What the exercise asks
Could you restate word for word the lines running from the one with "清凉的泉水(马头琴+钢琴)相关五线谱" to the end of the data, both ends included, but without pictures?
++++ Material provided ++++
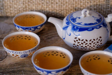 Asian tea ceremony. Teapot and tea cups with tea drink on table.
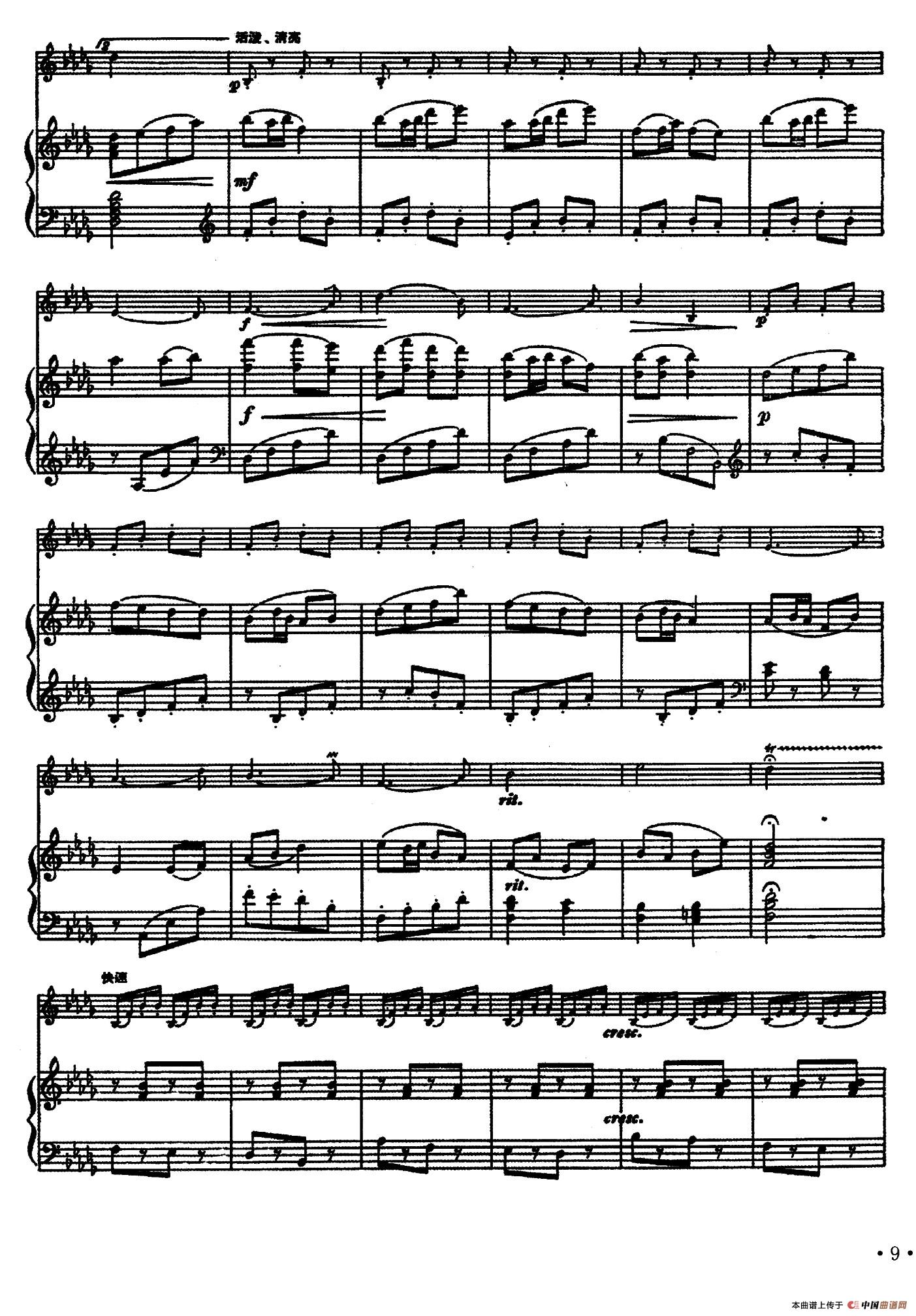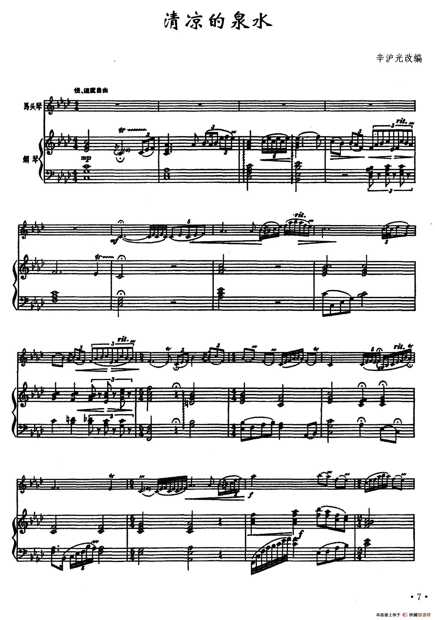 清凉的泉水(马头琴+钢琴)相关五线谱
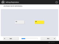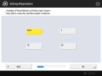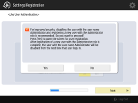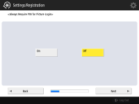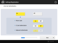 기기 보안을 강화하려면 사용자 인증을 사용하는 시스템에서 기기를 사용합니다. ![]() 이 기기는 사용자 인증을 로그인 서비스로 사용하는 것으로 설정되어 있습니다. 자세한 내용은 개인 인증 관리 설정 구성하기을 참조하십시오. ![]() <사용자 인증 사용>을 <설정>으로 누르고, 사용할 로그인 방법으로 <설정>을 누른 다음, <다음화면>을 누릅니다. 사용자 인증을 사용하지 않는다면, <사용자 인증 사용>를 위해 <해제>를 누르고 <확인>를 누른 후 6단계로 가십시오. ![]() 기기에 등록된 "관리자" 사용자 외에 관리자가 없는 경우 다음 설정을 지정합니다. ![]() "관리자" 사용자를 비활성화하고 새로운 관리자를 등록하여 보안을 강화하려면 <예>를 누릅니다. <관리자 등록>에 <사용자명>과 <비밀번호>를 입력하고 <확인>을 누릅니다. 필요에 따라 <이메일 주소>, <부문 ID>, <표시명>을 지정합니다. 자세한 내용은 로컬 장치에 사용자 정보 등록하기을(를) 참조하십시오. 다음에 로그인하면 "관리자" 사용자가 비활성화됩니다. "관리자"로 작동하려면 <아니오>를 누릅니다. ![]() ![]() 로그인 화면 표시 타이밍을 선택합니다. <기능 선택시에 표시>를 선택한 경우 <기능>을 누르고 로그인 화면을 표시할 기능을 선택한 뒤 <양호>을 누릅니다. 또한 로그인 화면을 표시할 <설정/등록> 화면에서 설정 항목을 선택합니다. <심플 로그인> 및 <키보드 인증>에 <해제>를 선택한 경우 <확인>을 누릅니다. 6단계를 진행합니다. <심플 로그인> 또는 <키보드 인증>에 <설정>을 선택한 경우 <다음화면>을 누릅니다. ![]() ![]() 로그인 화면에서만 숫자키 입력을 통해 인증을 사용하려면 <설정>을 누릅니다. <심플 로그인>에 <해제>를 선택한 경우 확인>을 누릅니다. 6단계를 진행합니다. <심플 로그인>에 <설정>을 선택한 경우 <다음화면>을 누릅니다. ![]() ![]() 그림 로그인으로 PIN 입력을 강제하려면 <설정>을 누르거나 입력을 강제하지 않으려면 <해제>를 누르고 <다음화면>을 누릅니다. ![]() ![]() 사진 로그인을 사용하며 인쇄에 적합한 설정 구성을 원하는 경우 <설정>을 누릅니다. 인쇄 강제 보류가 활성화되고 사용자 등록은 컴퓨터에서 인쇄 데이터를 사용하도록 설정되며 사용자의 인쇄에 적합한 로그인 화면이 기본으로 표시됩니다. 자세한 내용은 인쇄 강제 보류 설정 구성하기, <사용자 등록 방법>, <심플 로그인 화면의 기본 표시 변경>을(를) 참조하십시오. ![]() ![]() 그림 로그인 화면의 사전 설정 버튼의 수를 선택하고 <확인>를 누릅니다. | |
++++
Response to this task
 清凉的泉水(马头琴+钢琴)相关五线谱
 기기 보안을 강화하려면 사용자 인증을 사용하는 시스템에서 기기를 사용합니다. ![]() 이 기기는 사용자 인증을 로그인 서비스로 사용하는 것으로 설정되어 있습니다. 자세한 내용은 개인 인증 관리 설정 구성하기을 참조하십시오. ![]() <사용자 인증 사용>을 <설정>으로 누르고, 사용할 로그인 방법으로 <설정>을 누른 다음, <다음화면>을 누릅니다. 사용자 인증을 사용하지 않는다면, <사용자 인증 사용>를 위해 <해제>를 누르고 <확인>를 누른 후 6단계로 가십시오. ![]() 기기에 등록된 "관리자" 사용자 외에 관리자가 없는 경우 다음 설정을 지정합니다. ![]() "관리자" 사용자를 비활성화하고 새로운 관리자를 등록하여 보안을 강화하려면 <예>를 누릅니다. <관리자 등록>에 <사용자명>과 <비밀번호>를 입력하고 <확인>을 누릅니다. 필요에 따라 <이메일 주소>, <부문 ID>, <표시명>을 지정합니다. 자세한 내용은 로컬 장치에 사용자 정보 등록하기을(를) 참조하십시오. 다음에 로그인하면 "관리자" 사용자가 비활성화됩니다. "관리자"로 작동하려면 <아니오>를 누릅니다. ![]() ![]() 로그인 화면 표시 타이밍을 선택합니다. <기능 선택시에 표시>를 선택한 경우 <기능>을 누르고 로그인 화면을 표시할 기능을 선택한 뒤 <양호>을 누릅니다. 또한 로그인 화면을 표시할 <설정/등록> 화면에서 설정 항목을 선택합니다. <심플 로그인> 및 <키보드 인증>에 <해제>를 선택한 경우 <확인>을 누릅니다. 6단계를 진행합니다. <심플 로그인> 또는 <키보드 인증>에 <설정>을 선택한 경우 <다음화면>을 누릅니다. ![]() ![]() 로그인 화면에서만 숫자키 입력을 통해 인증을 사용하려면 <설정>을 누릅니다. <심플 로그인>에 <해제>를 선택한 경우 확인>을 누릅니다. 6단계를 진행합니다. <심플 로그인>에 <설정>을 선택한 경우 <다음화면>을 누릅니다. ![]() ![]() 그림 로그인으로 PIN 입력을 강제하려면 <설정>을 누르거나 입력을 강제하지 않으려면 <해제>를 누르고 <다음화면>을 누릅니다. ![]() ![]() 사진 로그인을 사용하며 인쇄에 적합한 설정 구성을 원하는 경우 <설정>을 누릅니다. 인쇄 강제 보류가 활성화되고 사용자 등록은 컴퓨터에서 인쇄 데이터를 사용하도록 설정되며 사용자의 인쇄에 적합한 로그인 화면이 기본으로 표시됩니다. 자세한 내용은 인쇄 강제 보류 설정 구성하기, <사용자 등록 방법>, <심플 로그인 화면의 기본 표시 변경>을(를) 참조하십시오. ![]() ![]() 그림 로그인 화면의 사전 설정 버튼의 수를 선택하고 <확인>를 누릅니다. | |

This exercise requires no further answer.